» EXERCISE DATA

++++++++++++++++++++

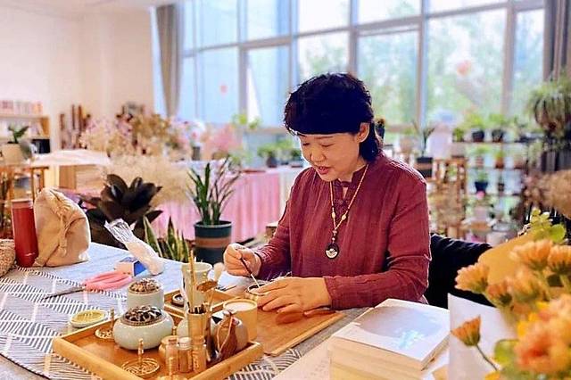 偶遇王女士做客香道馆,讲授香道文化、现场传授打香篆的技巧。
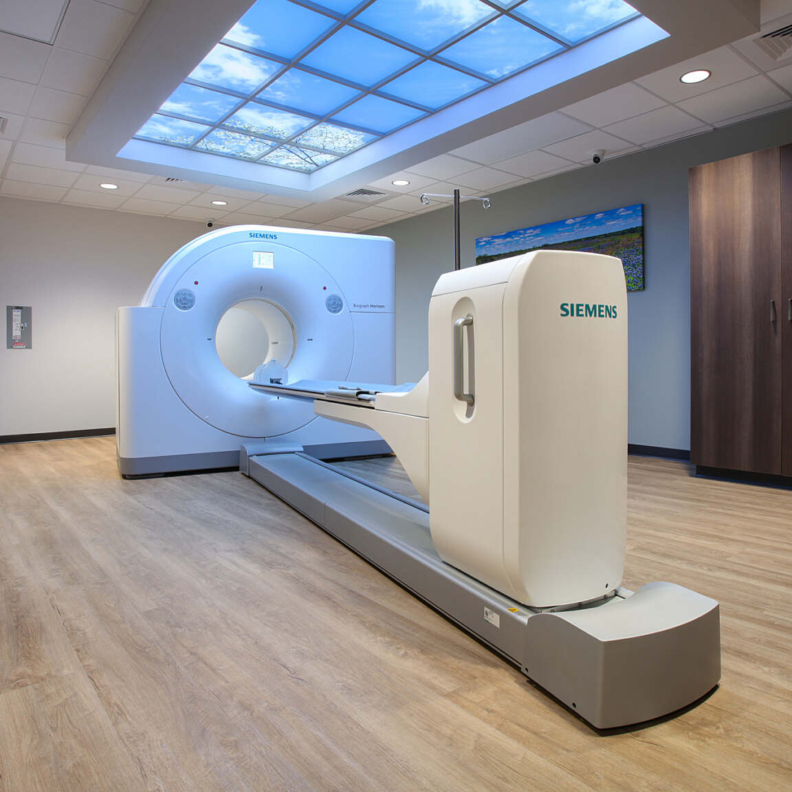 Developing the imaging and PET/CT area required close collaboration with equipment vendor Siemens and a radiation physicist. As the PET/CT equipment is large, heavy, and features delicate technology and components, the design team carefully planned a delivery route through the building to accommodate installation as well as future removal and replacement. This involved ensuring ample door and hallway widths and turning radii, which also contribute to the building’s spacious feel. The PET/CT area includes a Sky Factory ceiling, which mimics a skylight by displaying a digital image of trees and sky to help patients feel more at ease.
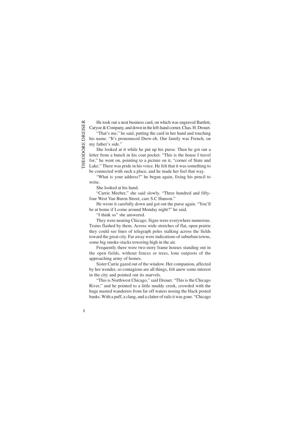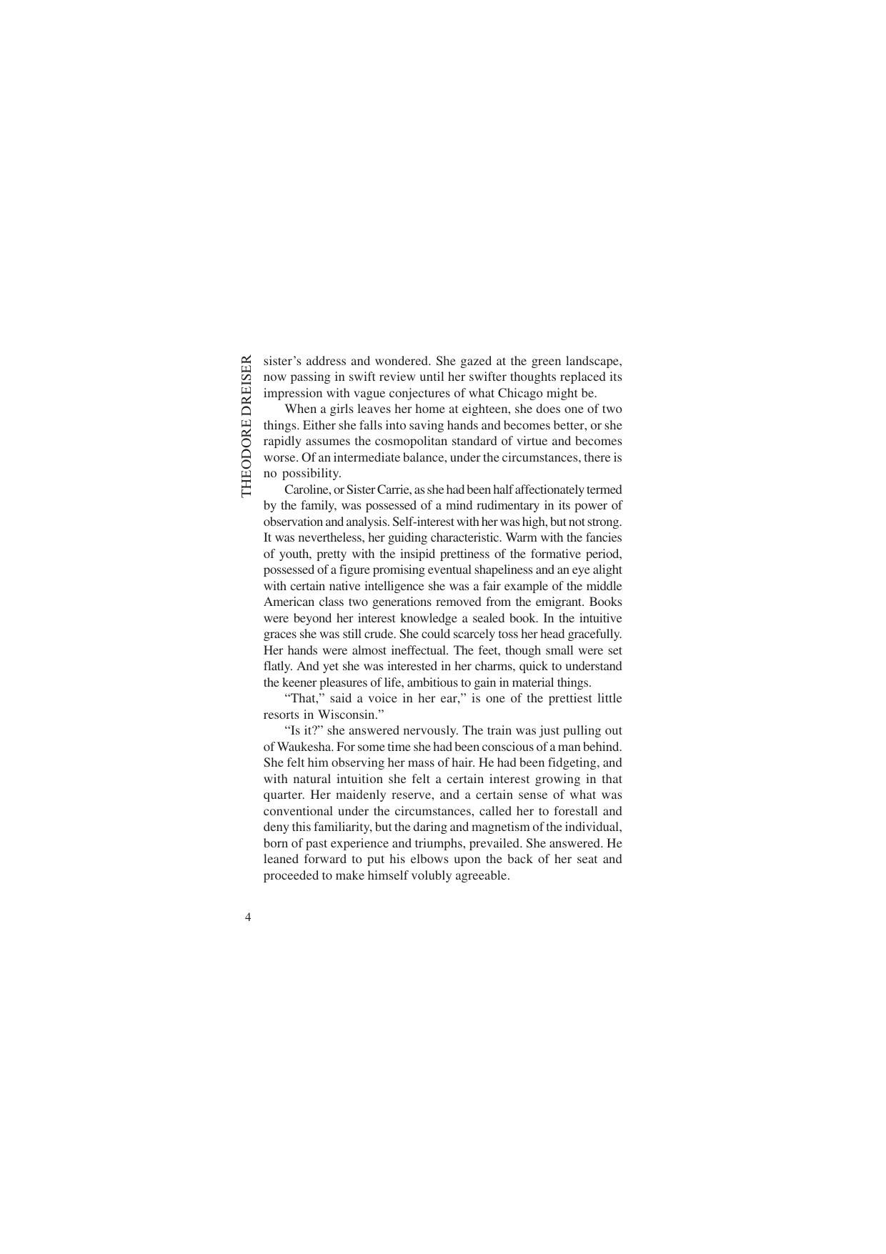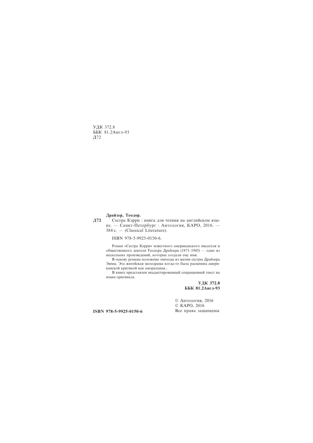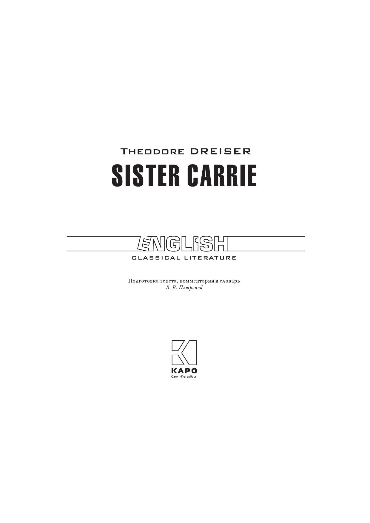 Роман «Сестра Кэрри» известного американского писателя и общественного деятеля Теодора Драйзера (1871-1945) — одно из нескольких произведений, которые создали ему имя. В основу романа положены эпизоды из жизни сестры Драйзера Эммы. Эта житейская мелодрама когда-то была расценена американской критикой как аморальная... В книге представлен неадаптированный сокращенный текст на языке оригинала.
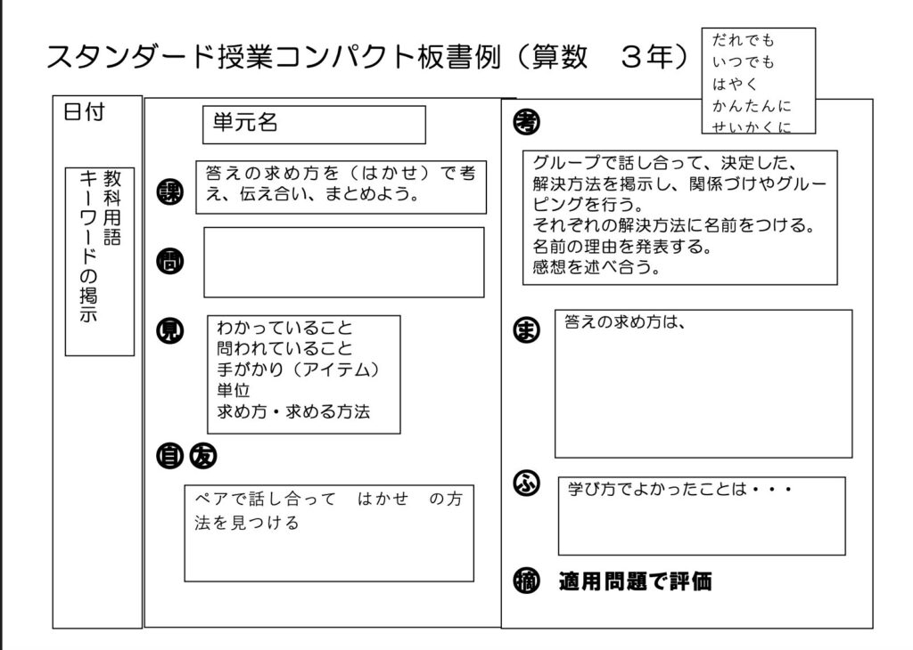 西留安雄の教育実践:授業備品No.253/授業コンパクト板書例を参考にして見るのも良いでしょう。
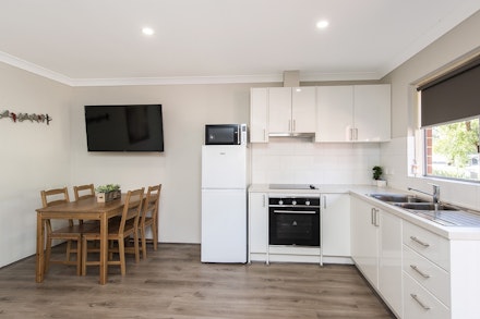 This fully self-contained chalet features one bedroom with a king size bed and ensuite and two sets of bunks (4 single beds) in the living area, as well as a second bathroom. The kitchen/dining area includes a convection microwave, fridge, stove cook top and oven, flat screen TV , table and chairs and a sofa that folds out to a queen size bed if required, along with reverse cycle air conditioning/heating. The tariff includes linen. Complimentary tea, coffee and sugar are also provided to see you through for a few days.
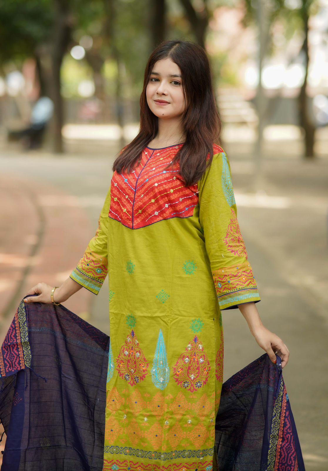 কাজঃ স্থায়ী ব্লক প্রিন্ট ও এমব্রইয়ডারির অসাধারণ কাজ করা হয়েছে।
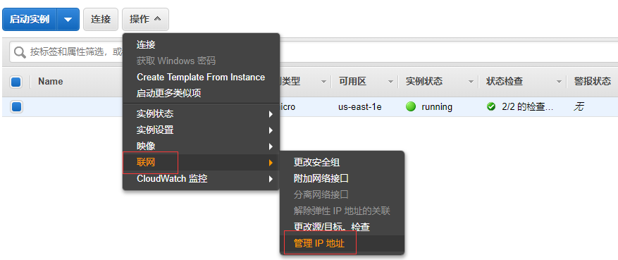 当创建的实例没有公网IP地址,只要有空闲(或新购)的公网IP地址,AWS控制台是可以给实例挂载上公网IP地址的。具体操作步骤如下:
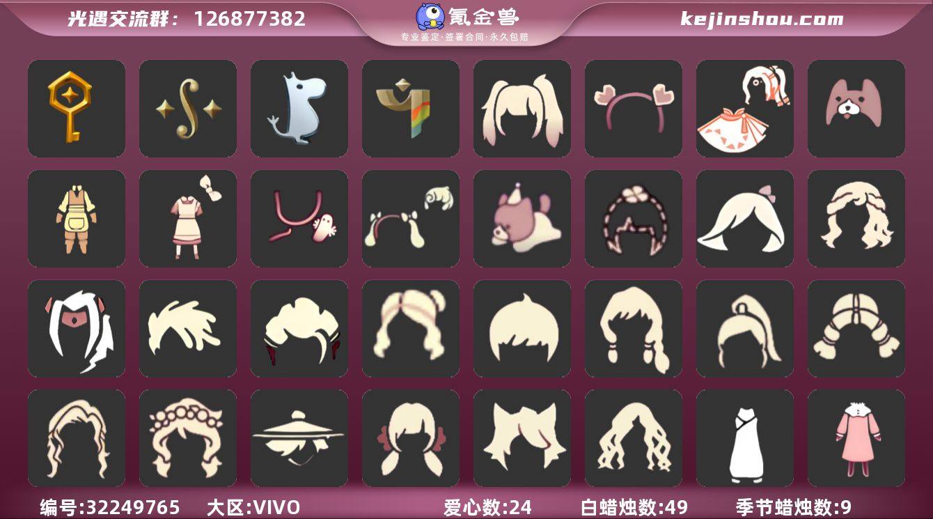 蜡烛数量:49 爱心数量:24 季节蜡烛数量:9 翼数量:97 筑巢季,二重奏季,姆明季,彩染季 姆明季·斗篷,筑巢季·斗篷,归巢围巾斗,绿芽,万圣斗,海洋斗,樱花斗,紫罗兰斗,郁金香斗,马蹄莲斗,蓝浴巾 马蹄莲发型,海蓝波浪发型,冥龙长辫,脏辫发型,总裁发型,公主,正太,书虫,高马尾,粗辫,虚荣,花环,若笠,樱花,猫耳,女巫 姆明季·裤子,妮妮裙子,武士裤,搓澡巾,花臂抹胸裙,花臂蓝色裤,小灰裙 粽叶发带面具,玫瑰面具,蛇年面具,星绘面具 青鸟毕业面饰,蔚蓝眼镜 星星奖杯,书架柜子,口琴,姆明季帐篷,小红伞,姆明抱枕,姆明全家福,钢琴键横挂画,筑巢季·小手办,笛子,玉桂狗茶桌,帐篷,万圣椅,爱心抱枕,遥鲲泳圈,大提琴,彩色大提琴,浅色地毯,深色地毯,大提琴挂画,钢琴挂画,波浪琴键挂画,海螺挂画,二重奏挂画 青鸟尊贵蓬头耳机,青鸟怀旧火花发饰,青鸟盛装彩纸发饰,黄色蝴蝶结,紫色魔法帽,猫猫头套 青鸟毕业项链,彩染季项链,姆明季围巾,铃铛,二重奏季项链 姆明季·鞋子 渐变双马尾发型礼包,心心相印发饰礼包,衔福献瑞礼包,小狗周年发饰,园丁装扮,爱丽丝围裙套装礼包,树精肩饰,大耳狗装扮,奥利奥,四叶草 卖家说:园丁装扮,爱丽丝裙子,巫师帽,蝙蝠斗,神鹿角,兔子拖鞋,巫树角,树精肩饰,大耳狗发饰,大耳狗斗篷,双马尾,新春扇子,皮皮猫套装,雪花发夹,兔子头饰,蓝色音乐会,奥利奥头饰,四叶草头饰,创始人斗篷,衔福献瑞斗篷,海洋发型
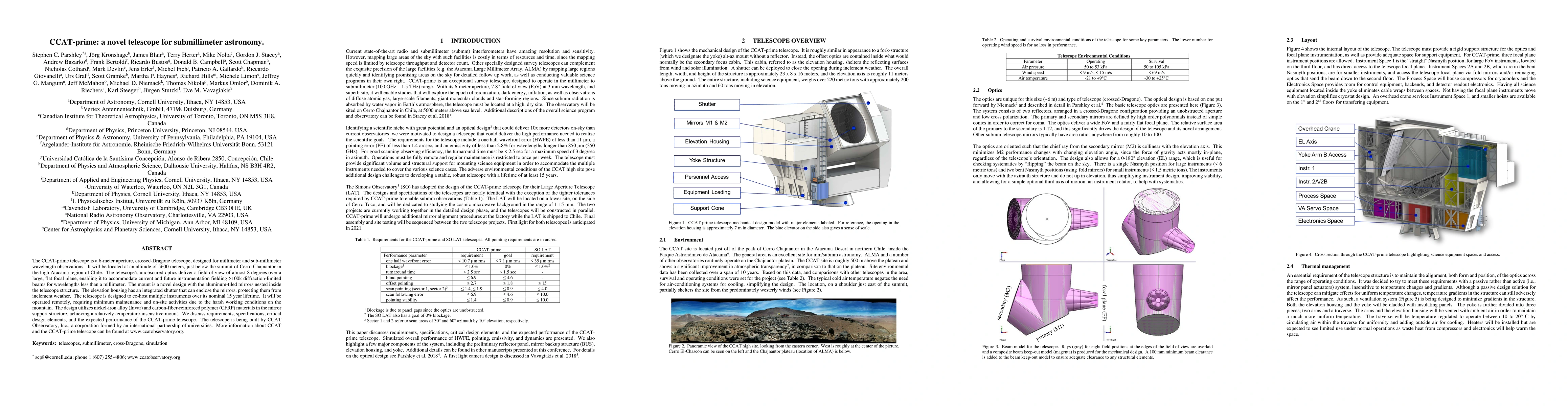 The CCAT-prime telescope, a 6-meter aperture crossed-Dragone design, is intended for millimeter and submillimeter astronomy in the high Atacama region of Chile. It features an unobscured optics design, a novel aluminum-tiled mirror mount, and an integrated shutter for weather protection, aiming for minimal maintenance and remote operation.
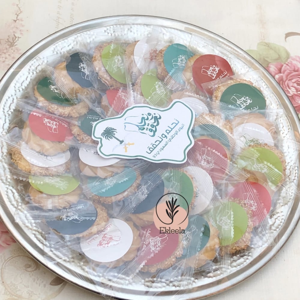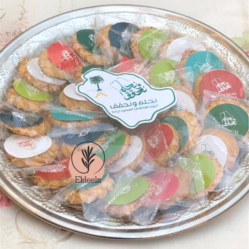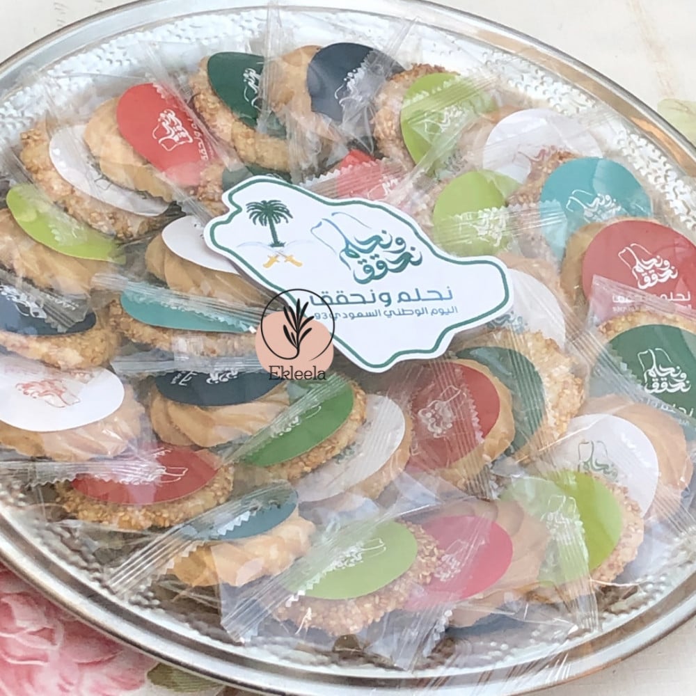 معبأة بـ 30 قطعه منوعه بين بيتيفور فانيليا و بسكوت سمسم مغلفه و مزينه باستيكر لليوم الوطني نحلم ونحقق
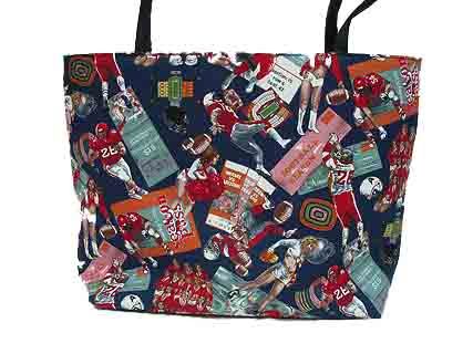 Bucket tote bag has a sports theme artwork pattern and a double handle.
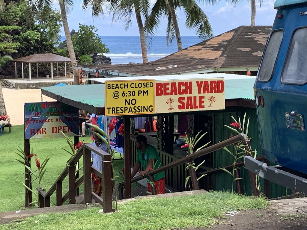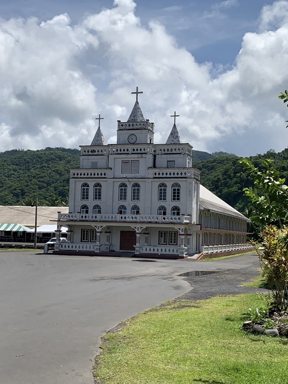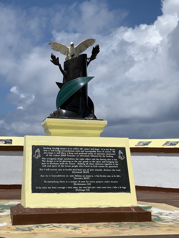 Jubilee told us of the earthquake and tsunami that happened on 9/29/09.  60 people died and he said if it had happened at night more would have died.  We stopped at the Leone Mission Monument that marks the contribution of Reverend John Williams who landed here in 1832 and began spreading Christianity.  The island is predominantly Christian and we passed MANY churches.
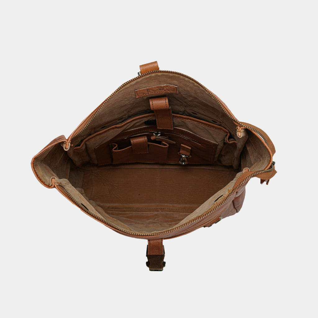 From the outside, this bag will give the vintage “roll-top” vibe with modernization. This bag comes with a front pocket which gives easy access to all your belongings.

++++++++++++++++++++

» EXERCISE DETAILS
Above are some records; quote exactly and only the lines that begin at the line containing "কাজঃ স্থায়ী ব্লক" and stop after the line containing "当创建的实例没有公网IP地址", leaving out the pictures.

» RESPONSE FOR THIS EXERCISE
 কাজঃ স্থায়ী ব্লক প্রিন্ট ও এমব্রইয়ডারির অসাধারণ কাজ করা হয়েছে।
 当创建的实例没有公网IP地址,只要有空闲(或新购)的公网IP地址,AWS控制台是可以给实例挂载上公网IP地址的。具体操作步骤如下:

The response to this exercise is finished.